### Requirement
For the data below, retype word for word the lines from the one containing "昨日有6只新基金发行,分别为" through the one containing "日照 | 積雪 | 降雪 |"; drop the pictures.

### Data shown
Segment Open
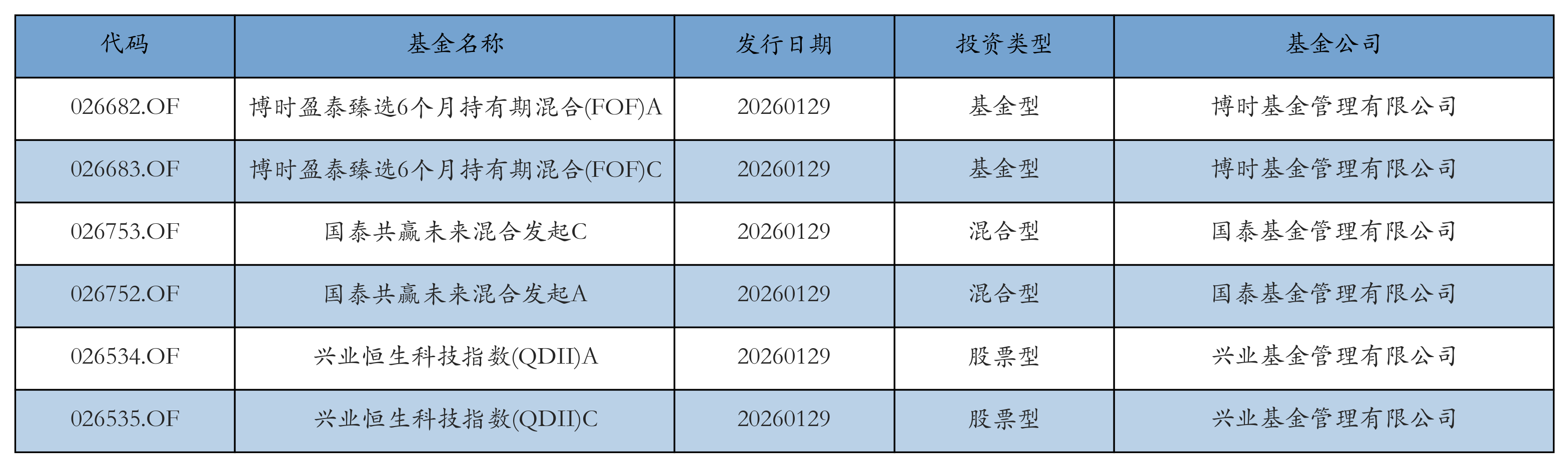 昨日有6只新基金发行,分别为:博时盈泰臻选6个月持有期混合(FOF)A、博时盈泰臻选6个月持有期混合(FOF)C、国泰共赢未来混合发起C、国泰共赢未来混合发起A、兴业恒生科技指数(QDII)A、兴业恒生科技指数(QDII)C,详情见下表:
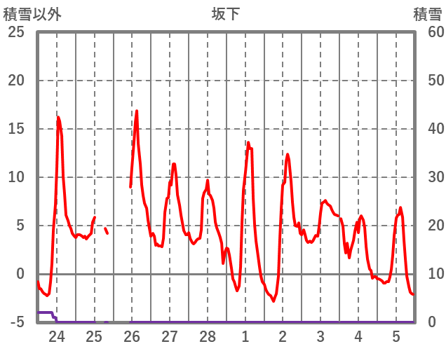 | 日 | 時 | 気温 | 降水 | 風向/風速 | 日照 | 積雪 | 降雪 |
Segment Closed
Segment Open
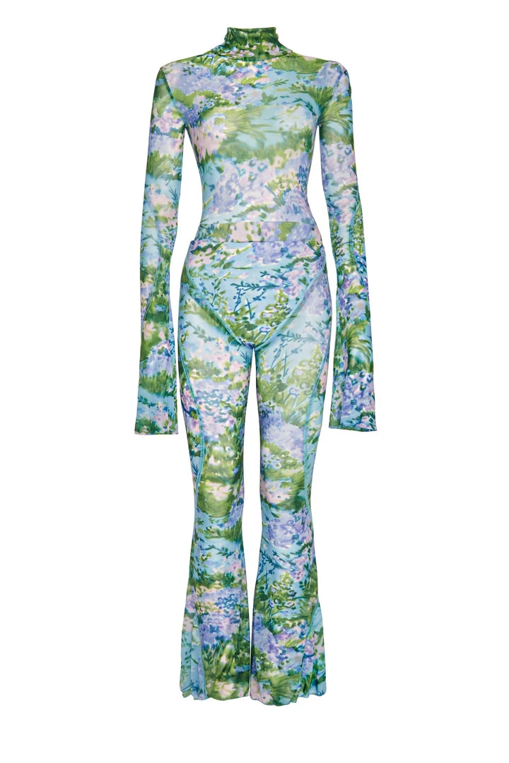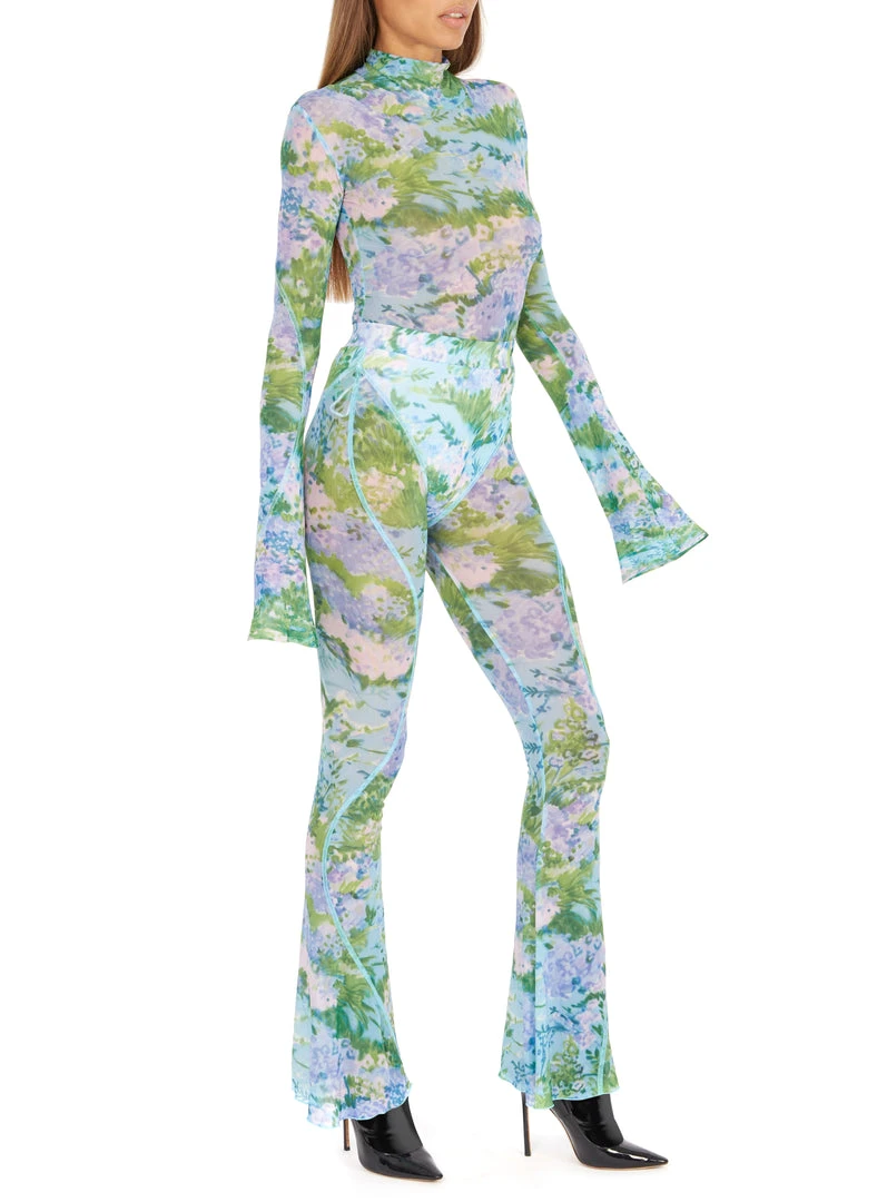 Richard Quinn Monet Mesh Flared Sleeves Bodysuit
Segment Closed
### The answer
 昨日有6只新基金发行,分别为:博时盈泰臻选6个月持有期混合(FOF)A、博时盈泰臻选6个月持有期混合(FOF)C、国泰共赢未来混合发起C、国泰共赢未来混合发起A、兴业恒生科技指数(QDII)A、兴业恒生科技指数(QDII)C,详情见下表:
 | 日 | 時 | 気温 | 降水 | 風向/風速 | 日照 | 積雪 | 降雪 |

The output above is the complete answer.